## Problem statement
In the entries below, find the line containing "Wide-Leg Trousers in" and the line containing "洪江市2021年公开招聘事业单位工作人员拟聘用人员公示". Copy those two lines and everything between them exactly, without the pictures.

Top of Task material

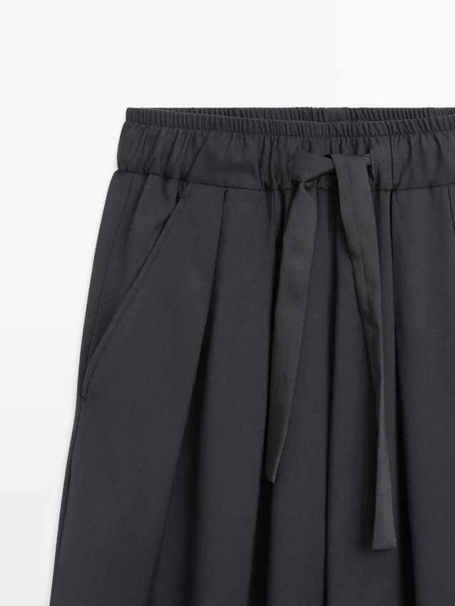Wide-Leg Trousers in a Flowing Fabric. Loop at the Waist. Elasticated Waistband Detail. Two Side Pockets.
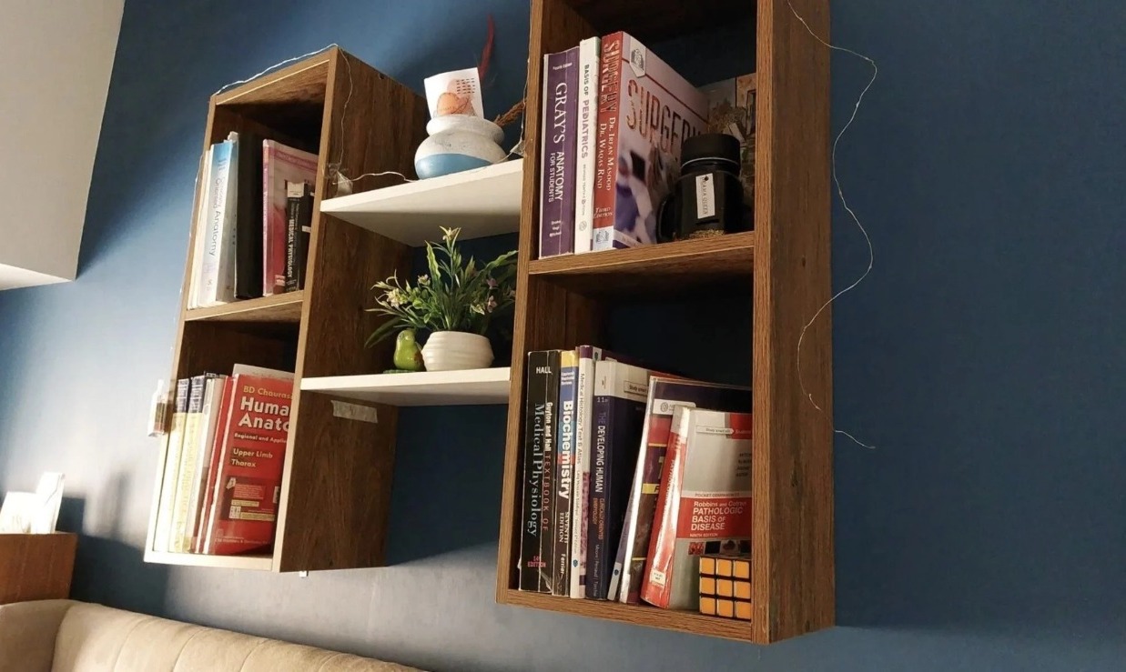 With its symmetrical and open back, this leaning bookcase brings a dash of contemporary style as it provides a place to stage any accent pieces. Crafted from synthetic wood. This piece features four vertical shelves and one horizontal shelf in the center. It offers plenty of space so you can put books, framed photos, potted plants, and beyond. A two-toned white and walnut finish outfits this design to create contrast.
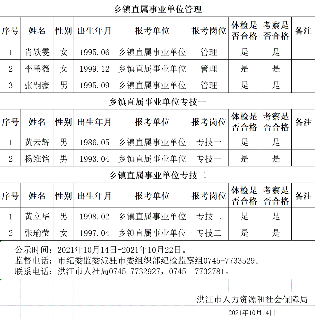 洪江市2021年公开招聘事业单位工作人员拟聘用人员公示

Bottom of Task material
Top of Task material

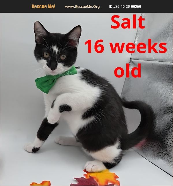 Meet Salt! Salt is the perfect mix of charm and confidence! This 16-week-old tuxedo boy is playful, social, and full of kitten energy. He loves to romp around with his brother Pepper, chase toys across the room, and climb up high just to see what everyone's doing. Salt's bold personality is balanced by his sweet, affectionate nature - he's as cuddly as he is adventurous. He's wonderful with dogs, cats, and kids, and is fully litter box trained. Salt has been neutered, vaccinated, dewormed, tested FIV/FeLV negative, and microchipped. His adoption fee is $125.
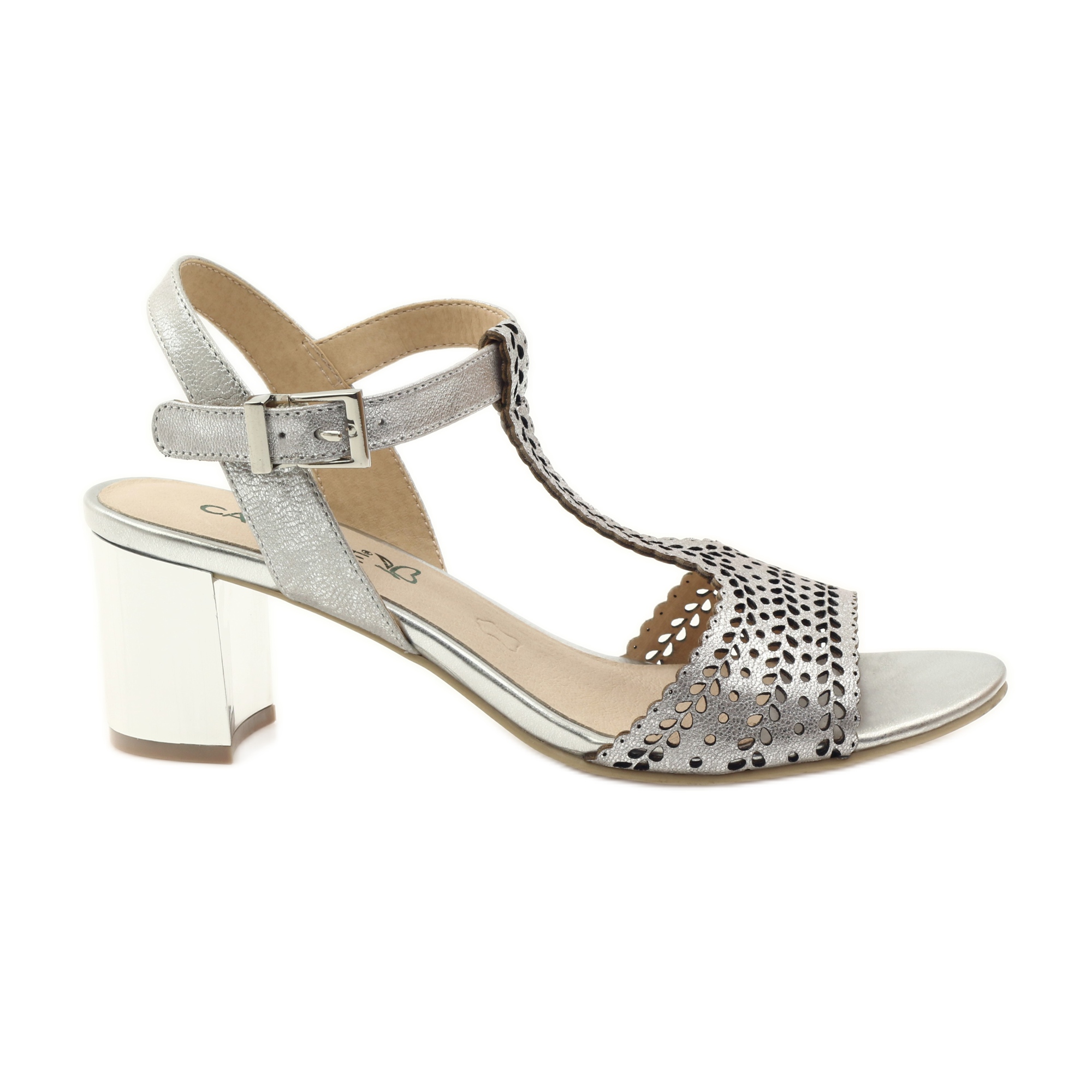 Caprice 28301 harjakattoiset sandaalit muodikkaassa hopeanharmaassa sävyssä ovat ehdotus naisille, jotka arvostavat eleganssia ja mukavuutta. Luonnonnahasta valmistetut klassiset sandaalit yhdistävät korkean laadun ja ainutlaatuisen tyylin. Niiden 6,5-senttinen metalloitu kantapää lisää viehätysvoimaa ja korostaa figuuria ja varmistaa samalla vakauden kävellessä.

Bottom of Task material
Top of Task material

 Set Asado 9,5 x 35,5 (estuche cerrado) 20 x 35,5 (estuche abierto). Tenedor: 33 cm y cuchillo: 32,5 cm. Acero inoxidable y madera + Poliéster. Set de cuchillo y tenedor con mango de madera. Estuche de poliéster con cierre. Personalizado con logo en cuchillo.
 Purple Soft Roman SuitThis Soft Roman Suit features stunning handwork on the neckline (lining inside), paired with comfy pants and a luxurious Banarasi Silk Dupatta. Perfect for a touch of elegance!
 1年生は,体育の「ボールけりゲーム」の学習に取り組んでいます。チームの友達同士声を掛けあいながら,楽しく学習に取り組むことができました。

Bottom of Task material

## Task response
Wide-Leg Trousers in a Flowing Fabric. Loop at the Waist. Elasticated Waistband Detail. Two Side Pockets.
 With its symmetrical and open back, this leaning bookcase brings a dash of contemporary style as it provides a place to stage any accent pieces. Crafted from synthetic wood. This piece features four vertical shelves and one horizontal shelf in the center. It offers plenty of space so you can put books, framed photos, potted plants, and beyond. A two-toned white and walnut finish outfits this design to create contrast.
 洪江市2021年公开招聘事业单位工作人员拟聘用人员公示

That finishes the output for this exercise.